No pictures, please. Copy exactly the lines from the one with "Rice drying out" through the final line below.

Records excerpted from a collection
= = = =

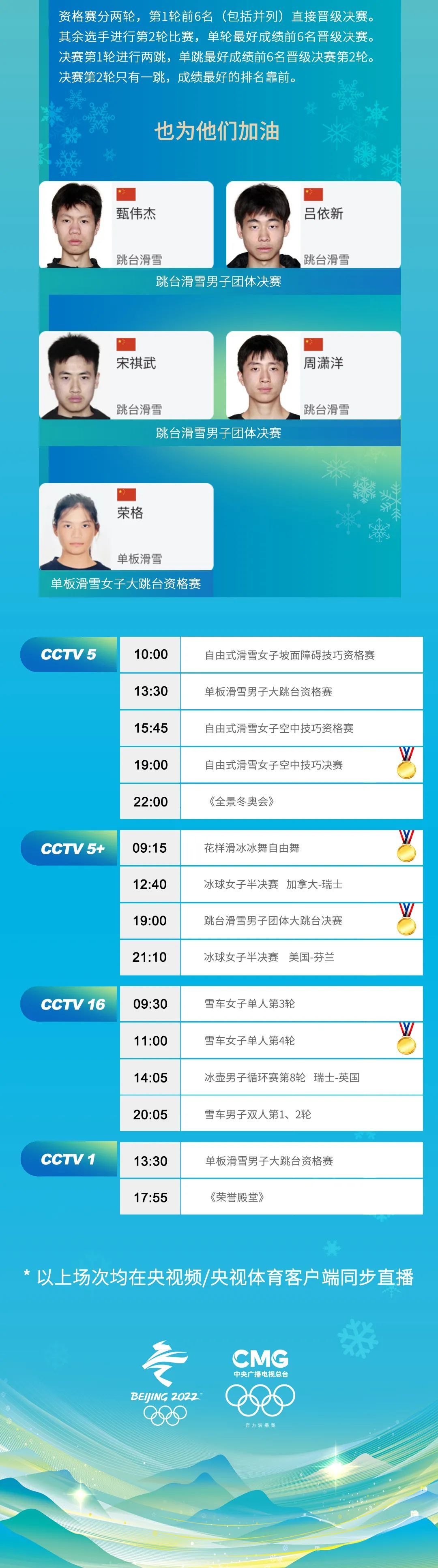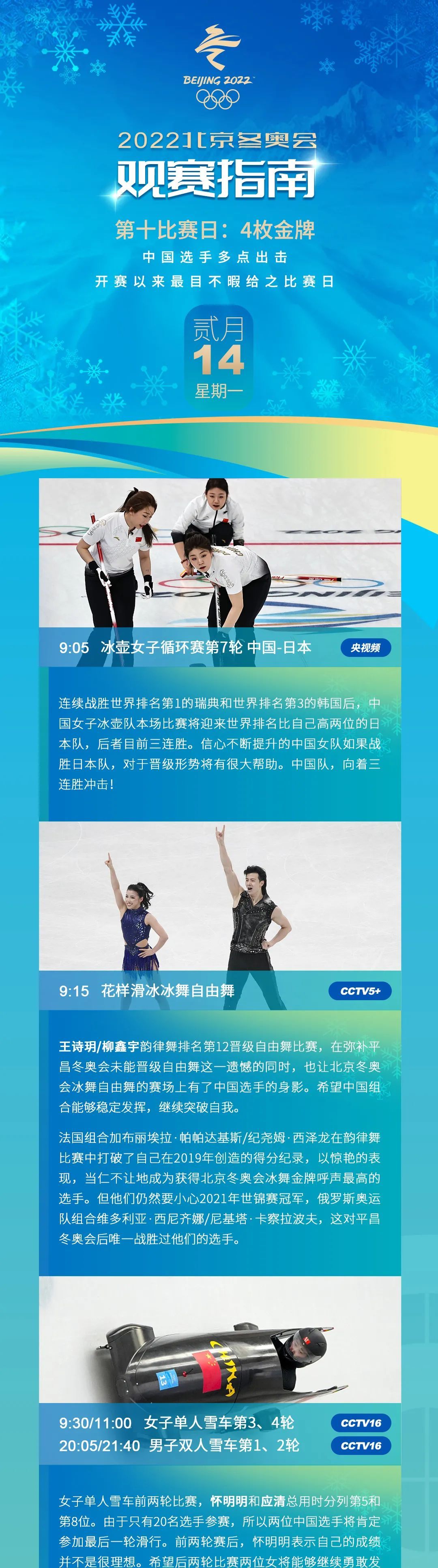 14日北京冬奥会赛程日历↓
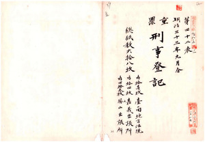 五 明治三三年九月分 重罪刑事登記 台南地方法院 一一枚 台南地方法院嘉義出張所 一四枚 台南地方法院鳳山出張所 四三枚
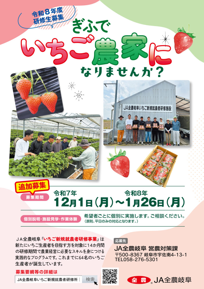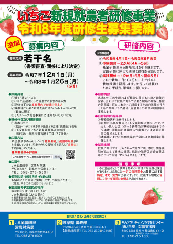 JA全農岐阜では、「いちご新規就農者研修事業」の令和8年度研修生を追加で募集しています。
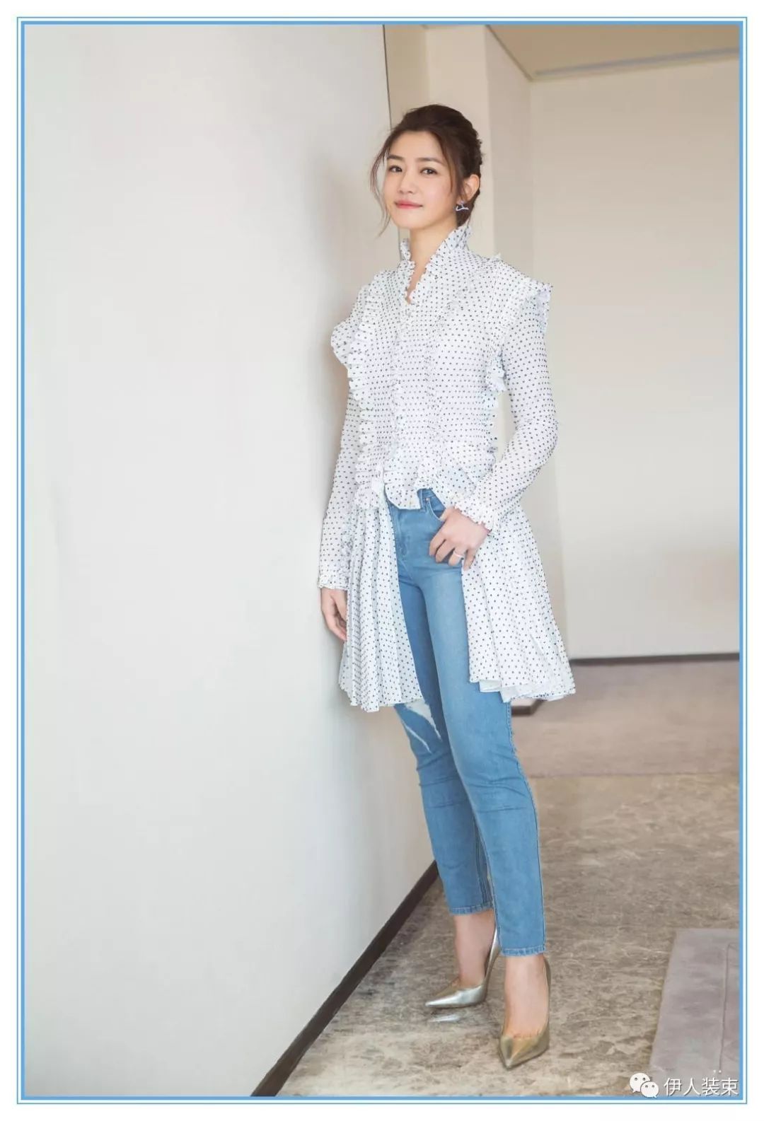 一件白色小波点的上衣,花边的设计淑女范十足。剪裁十分合身,勾勒出她凹凸有致的身材。下搭蓝色牛仔裤,双腿又细又直,脚踩金色高跟鞋,多了几分女性的优雅与干练。一身穿搭可以说非常适合陈妍希的气质了。
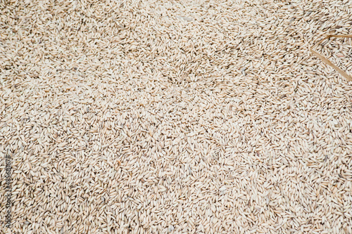 Rice drying out in a field, Bandung, Java, Indonesia, Asia, Asia, background with copy space
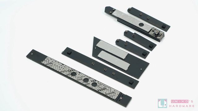 微星使用金屬裝甲遮掩底下的鋁擠式和鰭片式散熱片,並在表面加入可發光的 MSI 龍魂與
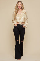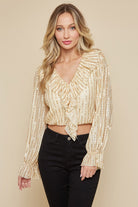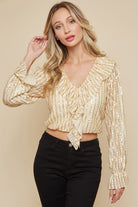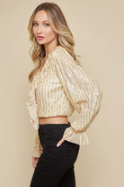 Introducing the Veuve Ruffle Sequin Crop. With long sleeves and a sequined design, this cropped blouse will add a touch of glamour to any outfit. The ruffled v neckline leads to a cascading ruffle feature, creating a chic and feminine look. Perfect for any special occasion or a night out on the town.

= = = =

OUTPUT BELOW ::
 Rice drying out in a field, Bandung, Java, Indonesia, Asia, Asia, background with copy space
 微星使用金屬裝甲遮掩底下的鋁擠式和鰭片式散熱片,並在表面加入可發光的 MSI 龍魂與
 Introducing the Veuve Ruffle Sequin Crop. With long sleeves and a sequined design, this cropped blouse will add a touch of glamour to any outfit. The ruffled v neckline leads to a cascading ruffle feature, creating a chic and feminine look. Perfect for any special occasion or a night out on the town.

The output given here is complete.